Laurel Hubbard to become first transgender athlete to compete at Olympics

Laurel Hubbard to become first transgender athlete to compete at Olympics

Laurel Hubbard

Laurel Hubbard will make history as the first openly transgender athlete confirmed to compete at an Olympic Games.

A weightlifter from New Zealand, Hubbard will compete in the women’s 87-kilogram category, after qualifying for the Olympics in May.

Hubbard, who won silver at the 2017 women’s weightlifting world championships, has been eligible to compete in the Olympics since 2015, when the International Olympic Committee issued guidelines allowing transgender athletes to compete in women’s categories provided their testosterone levels are below 10 nanomoles per litre for at least 12 months before the first competition.

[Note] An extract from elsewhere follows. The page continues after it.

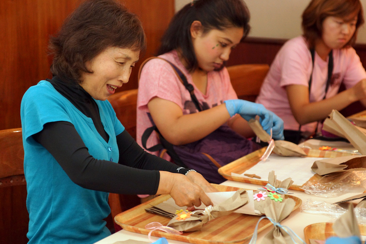 2月14日はバレンタインデー。イベント大好きな船内ですから、もちろんみんなで楽しみます。参加者からの「手作りお菓子を贈りたい」という声に応えて、メインレストランではクッキー作りを行いました。レストランはクッキーの優しく香ばしい香りでいっぱい。つまみ食いしたい気持ちをぐっと抑えて、最後の仕上げ、ラッピングです。リボンをかけたり、お花のシールを貼ったり……。皆さん、どなたにプレゼントするんでしょう?来る14日が待ち遠しいですね。
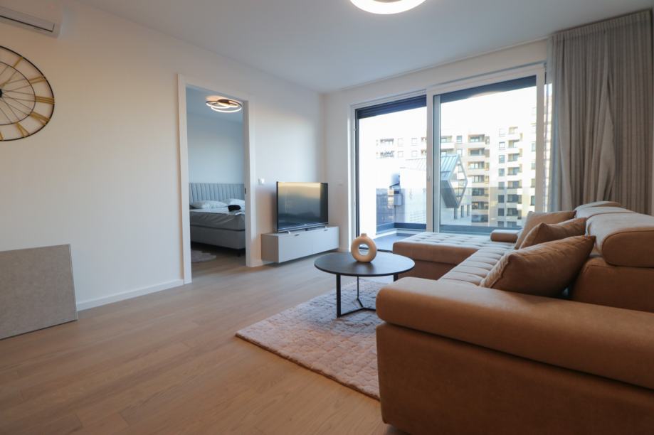 Iznajmljuje se moderan 2-soban stan na 4. katu nove stambene zgrade s liftom u Remetincu.

Hubbard’s inclusion in the Toyko games is set to attract huge media attention, as well as some criticism from fellow athletes.

“I am grateful and humbled by the kindness and support that has been given to me by so many New Zealanders,” Hubbard said in a statement.

“When I broke my arm at the Commonwealth Games three years ago, I was advised that my sporting career had likely reached its end. But your support, your encouragement, and your aroha carried me through the darkness.”

New Zealand Olympic Committee chief executive, Kereyn Smith, despite the controversy surrounding Hubbard’s qualification for the Olmypics, it was important to find a balance of human rights and fairness.

“As well as being among the world’s best for her event, Laurel has met the IWF eligibility criteria including those based on IOC Consensus Statement guidelines for transgender athletes,” Smith said.

“We acknowledge that gender identity in sport is a highly sensitive and complex issue requiring a balance between human rights and fairness on the field of play. 
 
“As the New Zealand Team, we have a strong culture of manaaki and inclusion and respect for all.

“We are committed to supporting all eligible New Zealand athletes and ensuring their mental and physical wellbeing, along with their high-performance needs, while preparing for and competing at the Olympic Games are met.”